At Switzers Museum, Waikaia''s heritage is proudly displayed. Adjoining the Museum is the focal point of the town - a bottle house constructed of 20,000 wine bottles. Outdoor activities abound and include superb fishing in the Waikaia River and nearby streams, horse riding in the hills, bush walks and mountain biking at picturesque Piano Flat and excellent permit shooting in the forests.
Accommodation is available with B & B''s, a camping ground, motel and backpackers in the area. Waikaia is the perfect place to getaway, relax and explore. Its abundance of outdoor activities, the valley''s history and the hospitable people make this area an intriguing, warm and welcoming place to visit.
Balfour and Riversdale are situated on the Gore - Lumsden Highway, with fishing rivers within an hour''s drive, including the world-renowned Mataura River. The Waimea Plains provide fertile farmland with land use varying from sheep for meat and wool, deer for velvet and venison, cattle for beef and dairy, grains for stock food and human consumption. These grains include wheat, barley, oats, peas and rapeseed.
The Balfour and Riversdale area is the home of many fine gardens and great southern hospitality which can be experienced through the various Farmstays and Bed and Breakfasts. Waimea Wanderings Garden Tours offers a selection of gardens for groups to visit and enjoy. There is the opportunity to visit the Balfour Limeworks and take a native bush walk in the Glenure Reserve. The Glenure, Ram Hills and Old Balfour Roads provide great opportunities for photo stops while the Riversdale Vintage Farm Machinery Museum offers a glimpse of the area''s past.

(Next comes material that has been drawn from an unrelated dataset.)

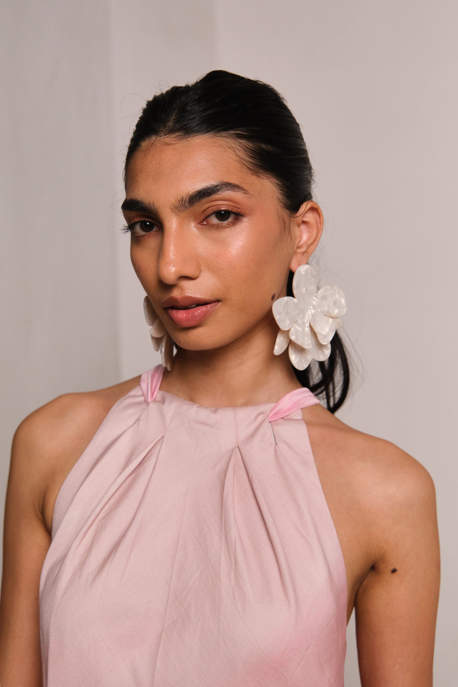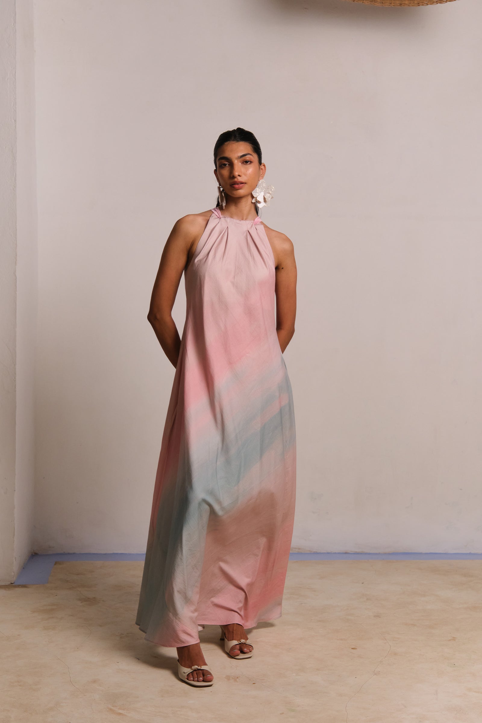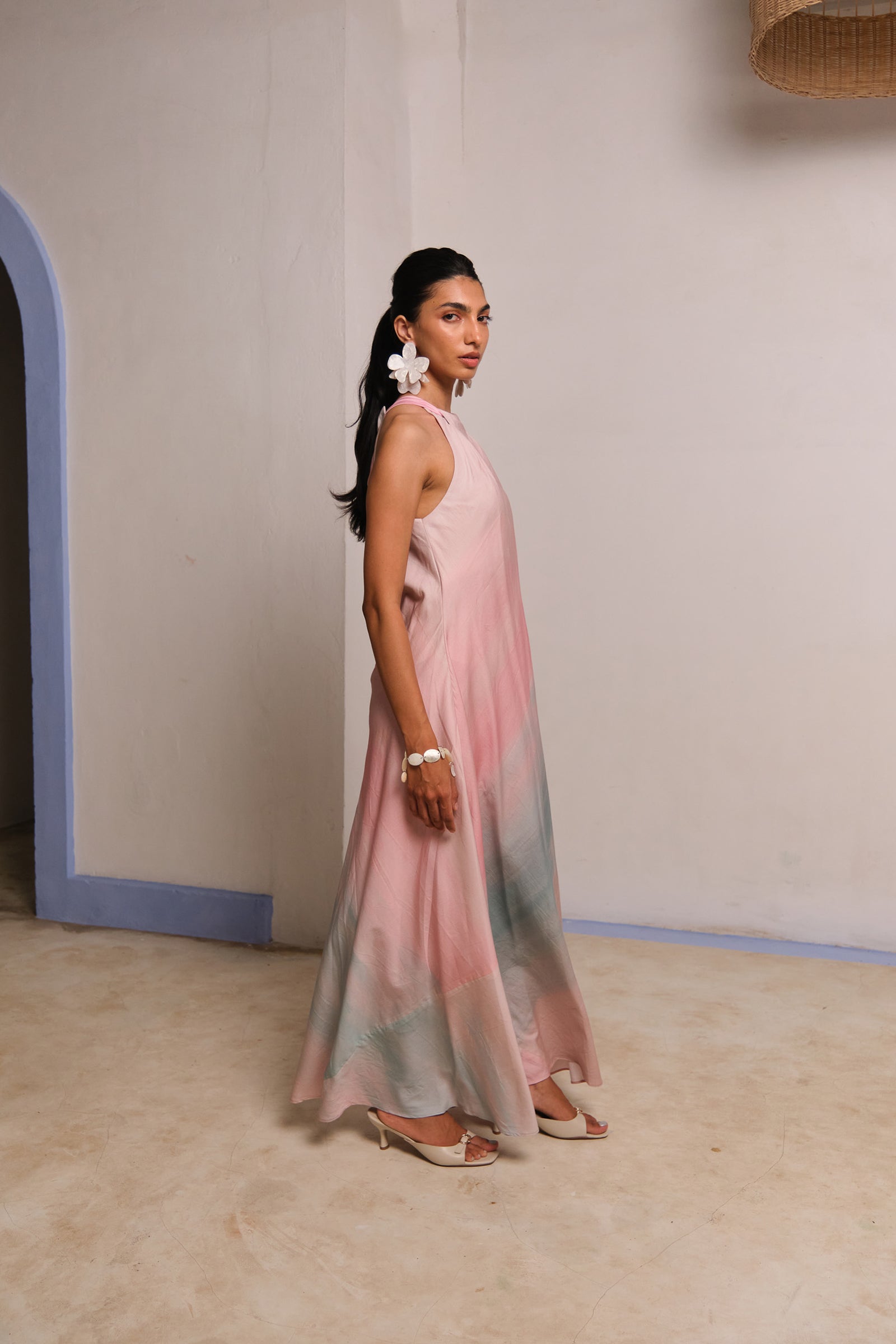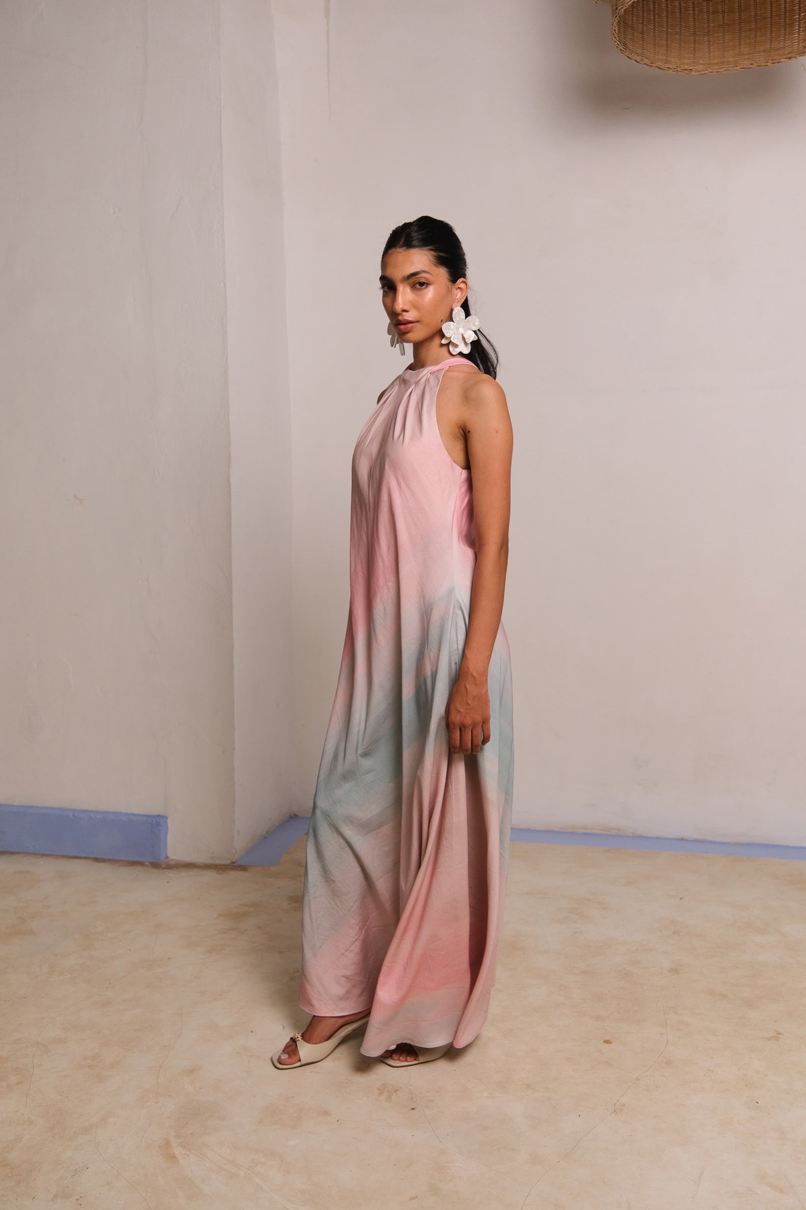 This ocean mist halter neck dress radiates effortless elegance. Its soothing color with a satin neck tie around the halter neck offers a playful touch. The flowing silhouette cascades gracefully, capturing the breeze and your imagination alike. The halter neckline enhances your collar bone. This is a perfect dress for sunlit strolls and moonlit dances.

Balfour and Riversdale are a convenient starting point for walkers, fishermen and hunters heading up the Mataura River through Cattle Flat.

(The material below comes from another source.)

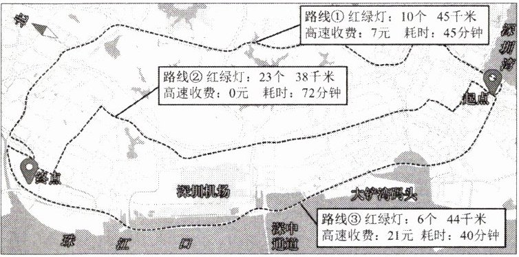 家住南山区(起点)的小洲一家驾车前往宝安区的海上田园(终点)游玩,在电子地图上查询到三条路线方案,下图示意三条路线方案及其相关信息。据此完成 8~10 题。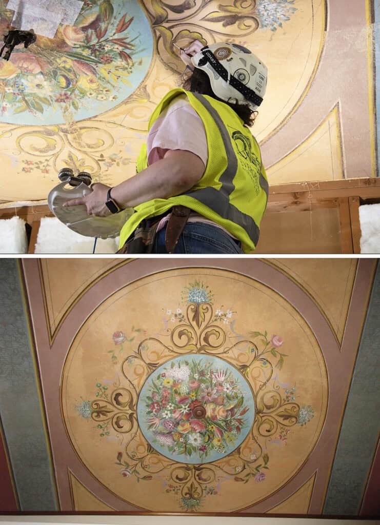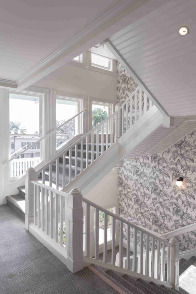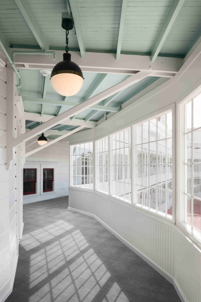 On the exterior, non-historic modifications were removed, and hundreds of replica wood windows were installed to match the original architecture. The building’s historic color palette was restored, including the signature “haint blue” ceilings on the verandas and vibrant red window sashes.

Edendale township is situated on land which was operated in the 1860''s as a sheep station for the New Zealand and Australian Land Company. This land ownership group was formed by the amalgamation of various unincorporated societies in Scotland which also held land in Otago and Southland.
In 1881 Thomas Brydone, Superintendent of the New Zealand and Australian Land Company, suggested that the company''s Southland holdings, which were proving hard to sell, might be converted to dairying. In 1882, on the company''s estate at Edendale, he built New Zealand''s first diary factory, purchasing three hundred cattle to start the venture. After the initial exports of the factory''s cheese, production was extended to include butter. The butter was processed under the direction of an expert butter-maker from Denmark. Between 1881 and 1932 eighty dairy factories were set up through the south to process milk supplied by farmers living nearby. Today there only remains one and that is sited at Edendale.
Close by Wyndham - the Maori name for Wyndham was Mokorei which means "clear or sweet water". Wyndham was actually named after General Windham, (spelt differently to today''s spelling) who was a hero of the unsuccessful assault on Redan in the Crimean War. Many streets in Wyndham have a Crimean association.
Industries in the area include dairy and sheep farming, forestry, and activities include a variety of recreational sports. Wyndham is renown both nationally and internationally, for its clay-shooting activities.
Both the Edendale and Wyndham areas are home to many fine gardens, including De Boers Roses in Edendale and near Wyndham in the internationally renown Maple Glen gardens and "Le Potager", a delightful garden and restaurant.